I am a doctoral candidate in economics. In addition to my involvement with GAPSA, I am currently the vice president of the Council of Graduate Students, an organization representing students seeking Ph.D.s as opposed to M.D.s or MBAs. In my four years of involvement, I have actively worked on issues ranging from reforming the fees process to defending academic freedom to promoting the data-driven evaluation of University of Minnesota services and nearly everything in between. I have put in the hours to learn how to navigate my way through the maze of the administrative bureaucracy to effect change.

In my opponents’ April 4 letter, they criticized the Minnesota Daily, among others, for failing to understand that democracy need not include any element of competition and can be a collaborative process. I am sure that Vladimir Putin would agree with their sentiment. The essence of democracy is precisely competition between competing viewpoints.
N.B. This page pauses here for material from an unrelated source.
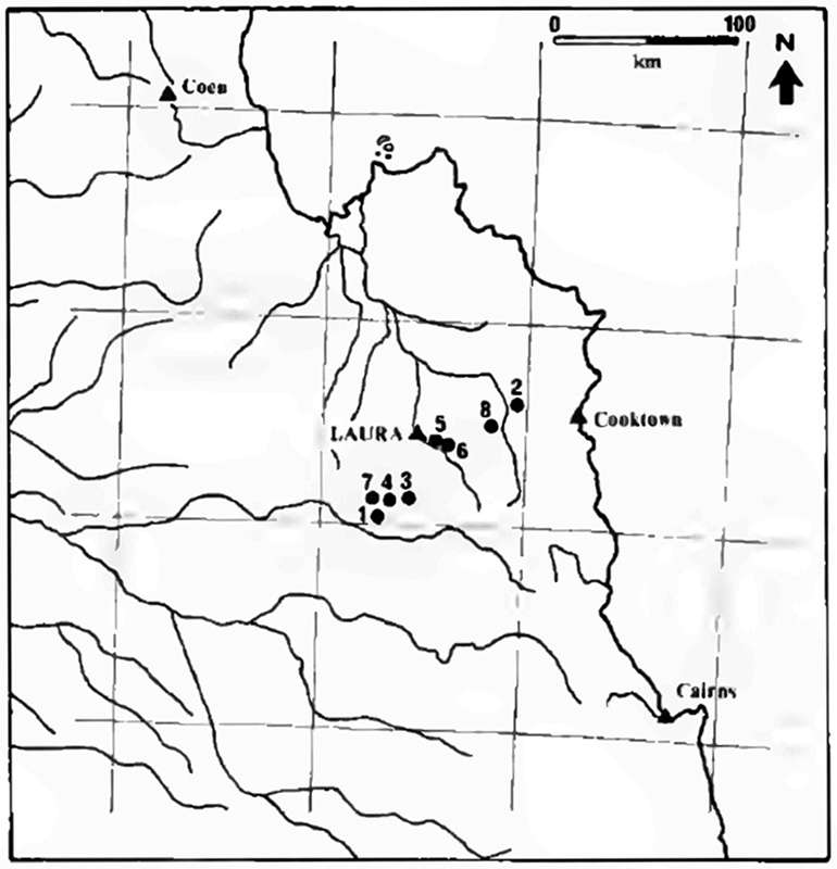 Map of part of Far North Queensland showing the location of the Laura River rock art sites.

This is how such things work. However, this warped view of what constitutes democracy is consistent with the leadership style that I have observed.

I am a voting member of their General Assembly and can only describe its leadership as disturbing. I have received virtually no relevant information regarding the running of our organization from the leadership. As a result, I have had to actively search for information elsewhere, and on my own time I’ve tried to be a competent member of the assembly. Only by reading the draft budget they must submit to Student Union and Activities did I discover that they have raised their compensation massively without bothering to inform the assembly and certainly without asking the assembly’s approval. This is not my idea of transparency.

They run an organization in which the leadership has explicit and sole control over its own compensation. This is an outrageously unethical arrangement. The executive board of this kind of an organization should be the servant of the General Assembly. Given the total lack of information sharing, the General Assembly has been utterly usurped and reduced to rubberstamping the private decision-making of the leadership. At one point this year, the assembly voted on a slate of roughly 10 resolutions as a block with a single up or down vote. We were denied the right to separate the items, to amend them or even to discuss them.

 In their letter, my opponents listed their restructuring of the organization as their principle accomplishment even as they never attempted to address the major structural issues and actively opposed efforts by members to do so.

GAPSA controls $400,000 of student fees money, and my opponents believe that they deserve $90,000 of that total in stipends and benefits. If honored with election by my peers, I am confident that I could cut $80,000 from my opponents’ proposed compensation and spend that money for the benefit of all students with the option of reducing fees in the future.

Whatever they say, the candidates’ actions show they are not interested in leading a democratic, transparent or accountable organization. It is that contrast that inspired me to run, and in the spirit of openness and clear communication, I humbly ask my fellow students for their votes. Please make your voices heard at vote.umn.edu.